August 24, 2016
Federal Judge Overturns Durbin Rules, Debit Interchange up For Grabs Again
Aug. 1, 2013
The Durbin Amendment, a law capping debit interchange rates that has been in effect for nearly two years, was overturned yesterday by a federal judge in Washington. U.S. District Court Judge Richard Leon—calling the interchange fee and network non-exclusivity regulations under the Fed rules “fundamentally deficient”—ruled in favor of a group of retailers and trade organizations that had brought suit against the Federal Reserve Board on the matter in 2011. Judge Leon concluded in his order that the Fed “clearly disregarded Congress’s statutory intent by inappropriately inflating all debit-card transaction fees by billions of dollars and [failed] to provide merchants with multiple unaffiliated networks for each debit-card transaction.”
Merchants, which widely hailed the Durbin Amendment when it was added to the Dodd-Frank Wall Street reform bill passed in the wake of the 2008 financial crisis, became disenchanted with the law’s provisions after the final rule was implemented by the Fed. Many merchants—notably those that process a high volume of low-value transactions—actually saw the amount they pay in interchange rise when the card networks eliminated lower rates for small-ticket purchases.
The suit— filed more than a year ago by retailer groups including the National Retail Federation, the National Association of Convenience Stores and the National Restaurant Association—charged that the rules approved by the Fed Board of Governors exceed the authority granted to the Fed by Congress, and that the final rule is “arbitrary, capricious, an abuse of process and otherwise not in accordance with the law in violation of the Administrative Procedure Act.”
“From the very beginning, retailers and restaurants knew the Federal Reserve Board of Governors had grossly misapplied the Durbin Amendment,” said Mallory Duncan, senior vice president and general counsel of the National Retail Federation. “They failed to heed Congress’ call to set fee standards that were reasonable and proportional to the actual cost of a transaction. As a result, small-ticket transactions, such as those imposed on convenience stores and restaurants, skyrocketed under the misapplied law.”
Less than three months ago, the Federal Reserve Bank of Richmond’s own economists confirmed the small-ticket phenomenon in an article about the law’s unintended consequences , bolstering Judge Leon’s decision that the Fed’s final rule did not follow the intent of Congress, which was to lower interchange for all categories of merchant.

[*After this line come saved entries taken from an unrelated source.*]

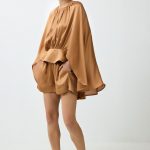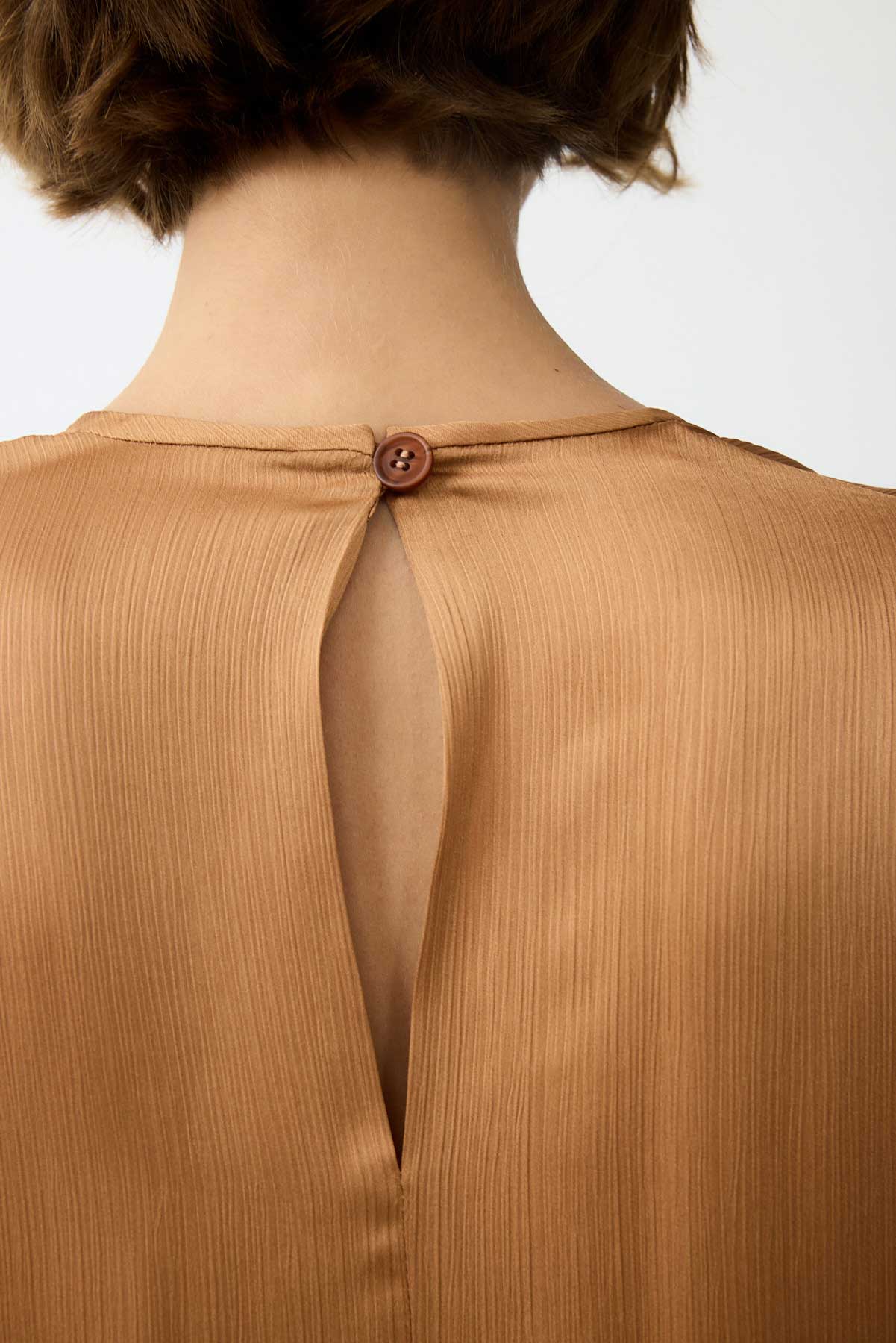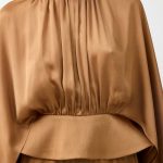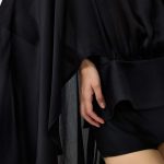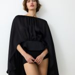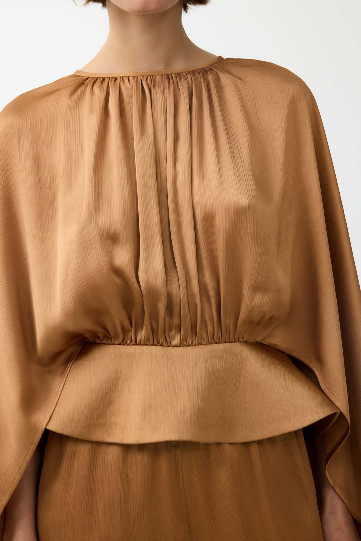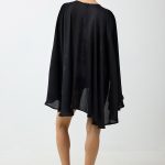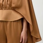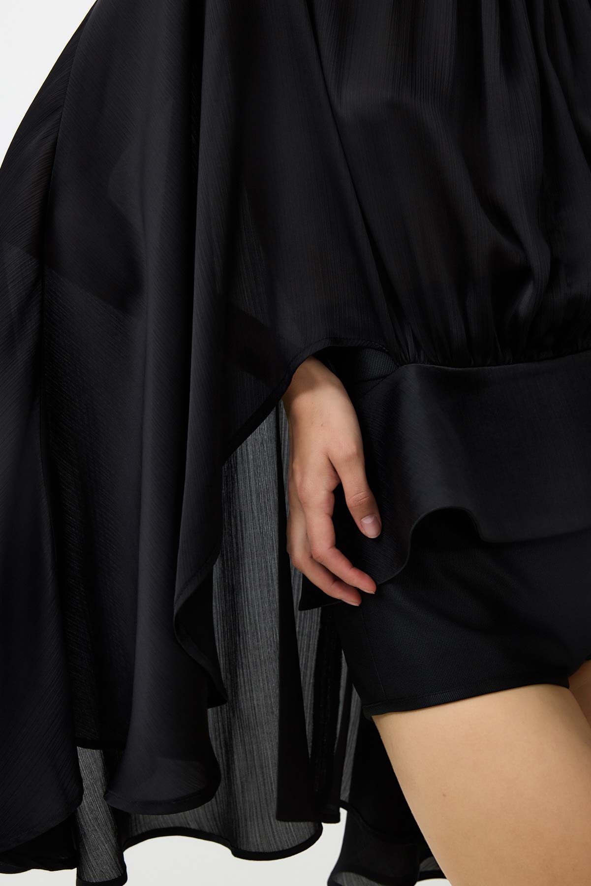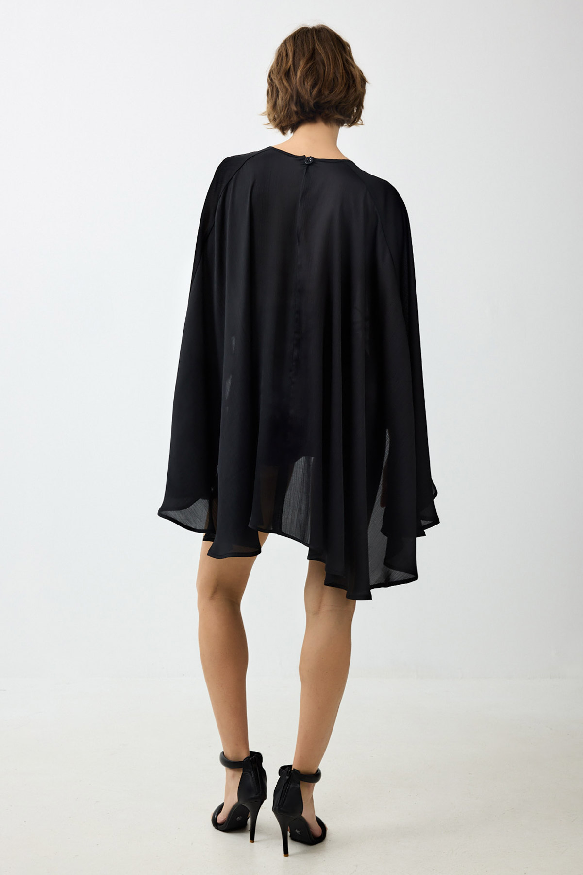 A cape-style top in thin, shimmery fabric. The fitted waist hugs the body creating a tailored look, while the soft cape drapes beautifully over the shoulders. Perfect for day or evening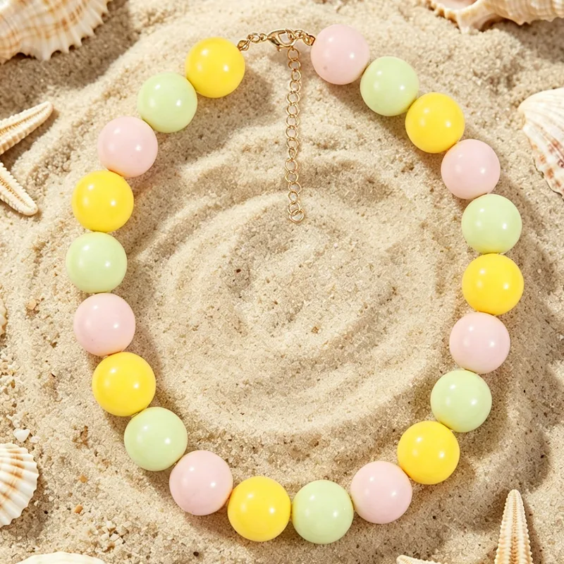 Deze vrolijke kralenketting is een echte musthave voor de zomer. De combinatie van zachtgeel, mintgroen en lichtroze zorgt voor een frisse en speelse uitstraling die je outfit direct opfleurt.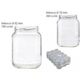 Ideali per il tuo miele, questi vasi in vetro da 390 cc con imboccatura Ø70 mm sono perfetti per confezionare miele e conserve dolci.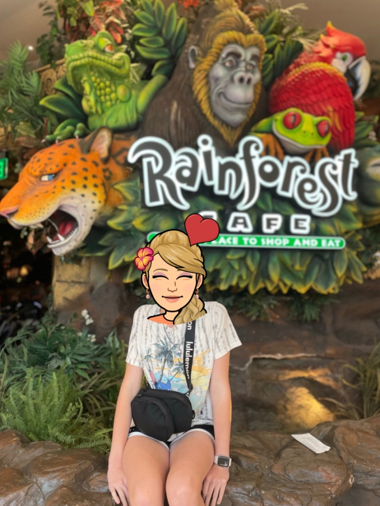 A friend of mine from out of state, recently asked me what my favorite restaurant at the Mall of America in Bloomington, MN was, so I thought I would share my answer to this question with you! After much consideration, I have come to the conclusion that I my favorite restaurant at MOA is Rainforest Cafe. Rainforest Cafe is located on level 3 of the mall, on the South end, near Crayola Experience. If you’re coming to the mall for a family friendly experience, or to stop at a themed gift shop, Rainforest Cafe is the place to be. The experience is outstanding with electronic animals and storm sound effects to make you feel like you are actually in the jungle. There is plenty of seating where you can witness all the magic of the rainforest. Even the bathrooms are themed! If you are from out of town, you can order a souvenir cup to take with you. On your way out, make sure to take a look at the wonderful gift shop to take a piece of the memory with you. Outside of the restaurant there is a mechanical gator that is there to greet you and wish you good luck on your travels. So next time you find yourself at the Mall of America, I hope you find time to visit Rainforest Cafe! Bye Friends!
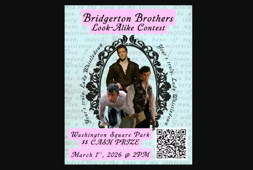 Your ever-watchful author is delighted to report that the Ton shall soon be treated to a most extraordinary spectacle: a look-alike contest honoring the illustrious Bridgerton brothers—Anthony Bridgerton, Colin Bridgerton, and Benedict Bridgerton—the season’s most coveted gentlemen. Admirers bold enough to embody their charm and presence are invited to present themselves at Washington Square Park on March 1, 2026 at 2 PM, where society shall determine who best captures the spirit of a true Bridgerton, with a cash prize awarded to the chosen favorite; those confident in their claim to be the season’s true catch may submit their name via the Google Form above and prepare for the stir that is sure to follow.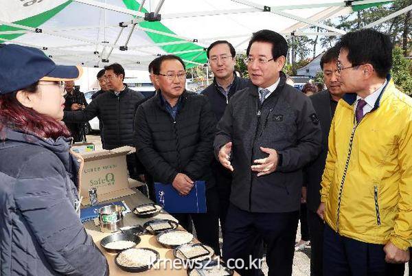 김영록 도지사는 공공비축미 매입 현장에서 “올해 가뭄, 태풍의 영향으로 작황이 부진해지는 등의 이유로 쌀 생산량이 줄었지만, 쌀값이 안정화되고 있어 그나마 다행”이라며 농가 소득 유지를 위해 특등급이 많이 나오길 바랐다.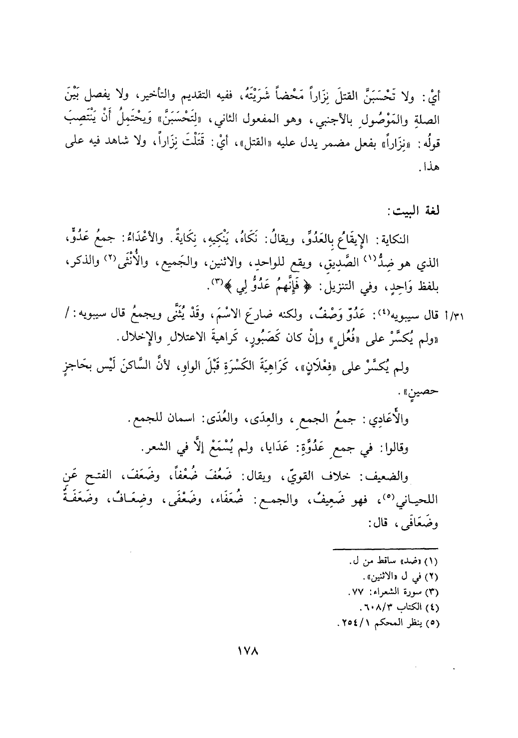 أي: ولا تحسبن القتل نزاراً محضاً شريته، ففيه التقديم والتأخير، ولا يفصل بين الصلة والموصول بالأجنبي، وهو المفعول الثاني، "لتحسبن" ويحتمل أن ينتصب قوله: "نزاراً" بفعل مضمر يدل عليه "القتل"، أي قتلت نزاراً، ولا شاهد فيه على هذا.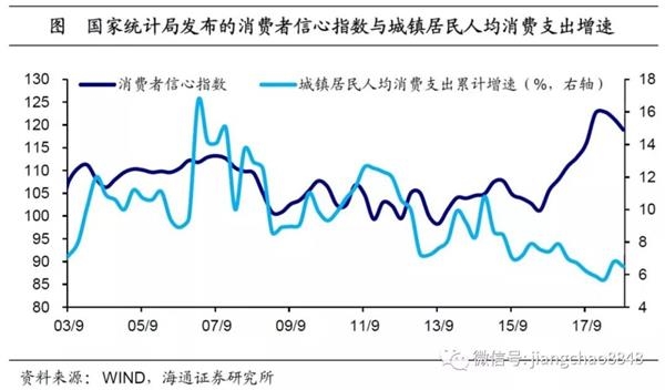 消费者信心指数与居民消费支出同样难以吻合。即便是考虑到包含服务消费在内的居民消费支出口径,16年末17年初以来,国家统计局发布的消费者信心指数同样与其走势难以吻合。消费者信心指数自16年2季度达到接近101的低点之后便一路上行,18年全年更是维持在历史高位的水平,但城镇居民消费性支出的累计增速却从16年2季度的超过7.5%降至17年的不足6%,18年虽略有好转,但三季度累计增速也仅6.5%。

The Richmond team’s economic research found “market-determined interchange fees tend to be too high compared with the social optimum, so [continuing to regulate] down interchange fees could be welfare enhancing.” But putting a cap on the maximum interchange fee may not be working the way lawmakers had hoped. “Capping the weighted average interchange fee, instead of the maximum interchange fee, may avoid the unintended consequence on small-ticket merchants.”
In the original motion, plaintiffs argued that the Fed’s final rule “greatly expanded the costs allowed in the interchange fee standard,” which resulted in “shifting billions of dollars in additional costs from the issuing banks to merchants that accept debit cards.” The suit also says the final rule mishandled the network non-exclusivity portion of the Durbin Amendment, resulting in “entire categories of debit card transactions—such as Internet and telephone transactions, hotel stays and car rentals—not being afforded the competitive network choice required by statute.”
Leon has dumped the matter back into the hands of the Fed, which will need to go through the lengthy rulemaking process again. In the interim, the judge said the current rules would remain in force, but that a new Final Rule would need to be formulated in “months, not years.”